> Collected material:
===

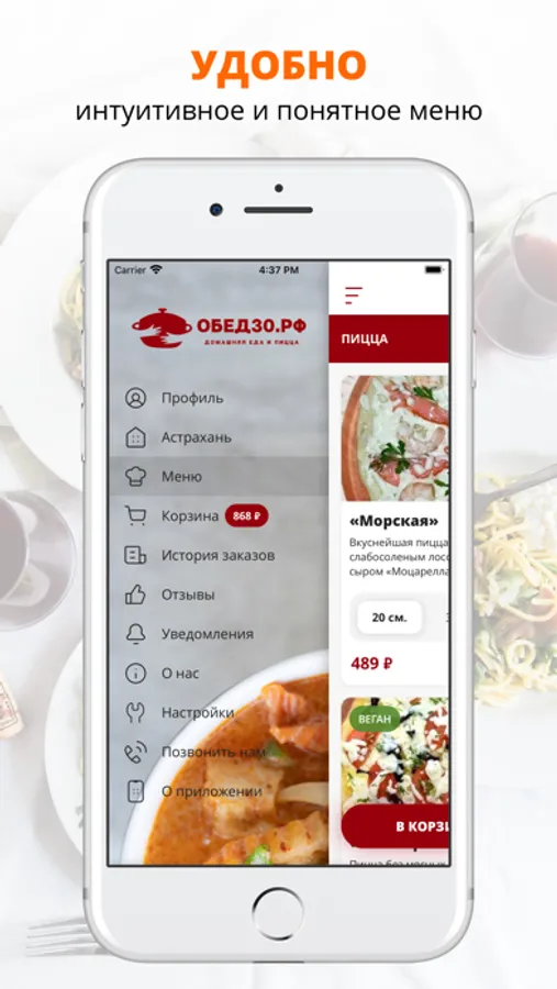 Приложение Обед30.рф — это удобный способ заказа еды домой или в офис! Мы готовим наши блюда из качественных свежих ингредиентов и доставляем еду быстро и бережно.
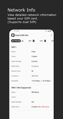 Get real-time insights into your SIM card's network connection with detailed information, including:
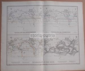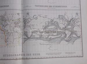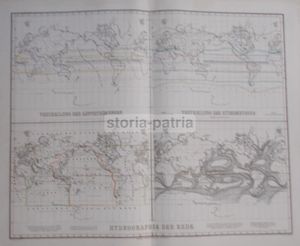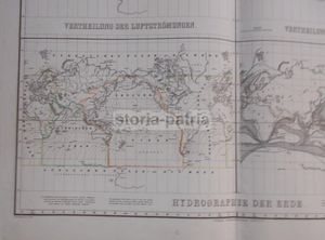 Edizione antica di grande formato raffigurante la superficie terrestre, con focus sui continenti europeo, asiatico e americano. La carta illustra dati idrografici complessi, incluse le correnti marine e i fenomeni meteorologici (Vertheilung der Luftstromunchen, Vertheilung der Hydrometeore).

===

> What you should do: I'd like the material duplicated exactly, without its pictures.

> Result:
 Приложение Обед30.рф — это удобный способ заказа еды домой или в офис! Мы готовим наши блюда из качественных свежих ингредиентов и доставляем еду быстро и бережно.
 Get real-time insights into your SIM card's network connection with detailed information, including:
 Edizione antica di grande formato raffigurante la superficie terrestre, con focus sui continenti europeo, asiatico e americano. La carta illustra dati idrografici complessi, incluse le correnti marine e i fenomeni meteorologici (Vertheilung der Luftstromunchen, Vertheilung der Hydrometeore).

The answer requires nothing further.